Wages can be presented using raw values or after a log transformation. The advantage of the log transformation for group comparison is the approximate normality of the distribution. Hence, the comparative boxplots will have reduced the skewness of the wage distributions and will make it easier to compare the ends of the wage scale (see Hubert & Vandervieren, 2008). We use the log base 10 transformation; however, it should be noted, that once a researcher finds interesting variation at the log scale, they can easily display the same data in the original scale.

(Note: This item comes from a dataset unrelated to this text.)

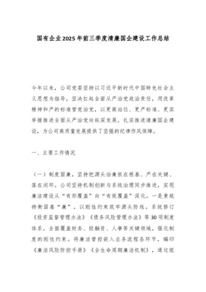 【七哥公文】2025年:国有企业2025年前三季度清廉国企建设工作总结_副本+更多免费公文+VX:QiGeGongWen2024

Figure 2 shows parallel boxplots of log-wage for different age groups. For each cohort, the box and the whiskers span the whole variation of log-wage in the group. The edges of the box are the first and third quartile; the median is the dividing line of the box. Points exceeding the solid line of each of the whiskers are cases that could be categorized as outliers.⁴ The y-axis represents the dependent variable that is common to all boxplots, thus the variation on the level of the dividing line shows graphically the variation of the median across groups. We see that for young people, the distribution of log-wages is not symmetric (the median line does not divide the box in two halves), but near symmetry is observed in the other groups.

Figure 2.

Boxplot of log-wage by age.

A feature we have added to the standard boxplot display is to make the width of the box proportional to the size of the group (number of individuals in each group) in the whole sample. This makes it easy to assess the relevance of a specific group; for example, we see that the age group (55,65) represents a smaller proportion of workers than the age group (35,45).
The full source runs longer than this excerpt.